Le terrorisme, cette invitation à la saloperie !

Saloperie !!

C’est le premier commentaire qui vient à l’esprit, à l’évocation de cet abominable attentat qui a endeuillé le marathon de Boston, mardi 16 avril.

L’Amérique pleure, une fois de plus, ses morts et ses estropiés et la vision du petit Martin, huit ans, fauché, dans les bras de son père, sur la ligne d’arrivée, reviendra longtemps hanter la mémoire des femmes et des hommes épris de paix.

L’attentat commis par deux frères tchétchènes, auxquels les États-Unis ont accordé l’asile politique en 2003, s’est chargée de rappeler aux américains, dont l’écrasante majorité ignoraient jusqu’à son existence, le souvenir de la Tchétchènie qui fut ravagée par le plus sanglant des conflits qu’ait connu le Caucase, parce que Moscou voulait y faire régner sa « Pax Russiana ». Mais, que le sang d’un seul  innocent coule et la plus belle des causes est, à tout jamais, entachée d’ignominie !

Si les frères Tsarnaev ont agi en tchétchènes, on retiendra que c’est, une fois de plus, l’Islam qui se trouve en première ligne du carnage. Cet autre Islam, violent, haineux qui enlève,torture, ampute et tue sans scrupule. Un Islam réfractaire à toute logique, prêché par des obscurantistes et colporté par des ignorants.

La Tchétchènie a perdu en cette matinée d’Avril 2013, son honneur et  l’Islam sa raison, par la faute de deux imbéciles qui ont osé poignarder, dans le dos, le pays qui leur a donné une chance de refaire leur vie, dans la liberté et la dignité.

Mais peu importe les auteurs, peu importe la cause qu’ils prétendent défendre et les commanditaires éventuels de l’attentat. La seule idée que l’on puisse délibérément,administrer la mort à un innocent,  est,en soi, insupportable.

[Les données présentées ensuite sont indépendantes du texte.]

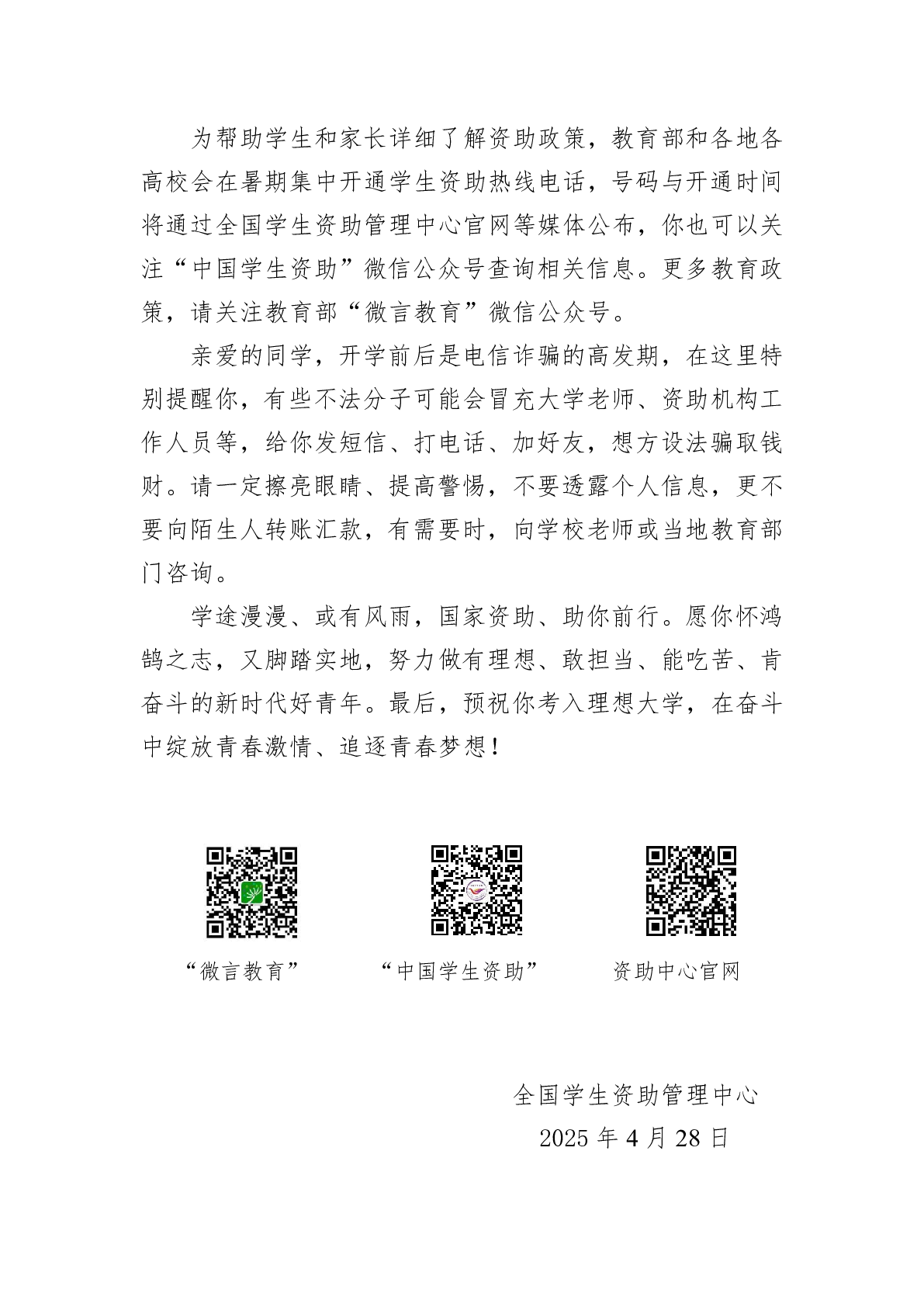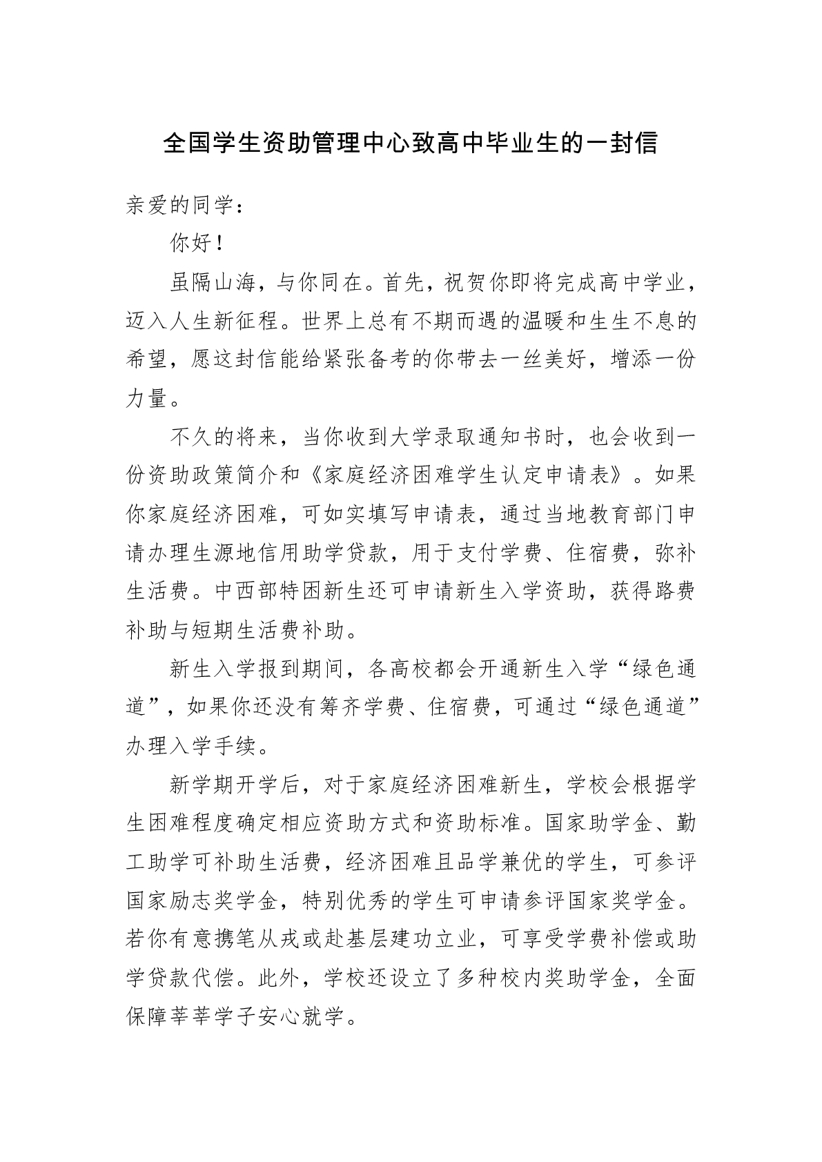 全國學(xué)生資助管理中心致高中畢業(yè)生的一封信

En cela, le terrorisme est une invitation à la saloperie. Il s’apparente à une forme de dictature, car tout comme le tyran, il s’attaque aux libertés qui fondent la vie de la cité, comme celle d’aller et venir et de se réunir, histoire de les réduire à leur plus simple expression. En semant la mort et la désolation autour de lui,  en distillant l’épouvante, le terroriste porte atteinte à la paix civile et génère dans l’imaginaire collectif, une insupportable paranoïa, qui vous fait prêter,à votre voisin immédiat,  le délit d’intention criminelle.

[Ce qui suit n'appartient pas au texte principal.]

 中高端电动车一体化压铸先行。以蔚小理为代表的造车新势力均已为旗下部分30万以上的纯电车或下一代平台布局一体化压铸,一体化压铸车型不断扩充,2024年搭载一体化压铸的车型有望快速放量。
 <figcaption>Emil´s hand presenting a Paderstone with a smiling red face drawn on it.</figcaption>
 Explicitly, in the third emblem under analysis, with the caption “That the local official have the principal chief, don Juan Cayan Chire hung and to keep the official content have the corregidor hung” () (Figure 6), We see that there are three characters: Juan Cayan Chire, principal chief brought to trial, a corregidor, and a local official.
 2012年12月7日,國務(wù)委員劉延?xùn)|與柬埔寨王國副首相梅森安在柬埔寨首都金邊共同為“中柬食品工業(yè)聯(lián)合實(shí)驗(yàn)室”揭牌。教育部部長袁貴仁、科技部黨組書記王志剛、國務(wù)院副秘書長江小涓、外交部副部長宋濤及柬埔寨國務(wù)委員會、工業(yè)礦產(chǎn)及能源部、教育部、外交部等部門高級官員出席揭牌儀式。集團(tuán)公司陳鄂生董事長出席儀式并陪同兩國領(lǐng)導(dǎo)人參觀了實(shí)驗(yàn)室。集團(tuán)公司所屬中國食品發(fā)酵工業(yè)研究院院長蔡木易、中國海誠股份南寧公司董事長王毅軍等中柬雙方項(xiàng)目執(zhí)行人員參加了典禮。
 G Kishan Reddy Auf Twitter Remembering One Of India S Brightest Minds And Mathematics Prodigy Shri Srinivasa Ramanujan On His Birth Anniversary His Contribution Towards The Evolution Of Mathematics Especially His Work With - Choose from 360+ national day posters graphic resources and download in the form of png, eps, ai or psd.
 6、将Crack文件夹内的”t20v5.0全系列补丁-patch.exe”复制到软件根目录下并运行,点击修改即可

Et tout comme la tyrannie également, le terrorisme est l’apanage d’une minorité, imbue de vengeance, de haine et de détestation pour ceux de ses contemporains, qui ne partagent pas ses convictions, qu’elles soient politiques, idéologiques ou confessionnelles.

 

Aujourd’hui,  nous sommes tous bostoniens. Comme nous fumes parisiens le 25 juillet 1995, new-yorkais,  le 11 septembre 2001, ou madrilènes, le 11 mars 2004 et qu’il soit le fait d’individus isolés, de groupuscules violents, de mouvements de libération ou d’Etats constitués, le terrorisme est la pire manifestation de la cruauté, et un acte d’une lâcheté inqualifiable.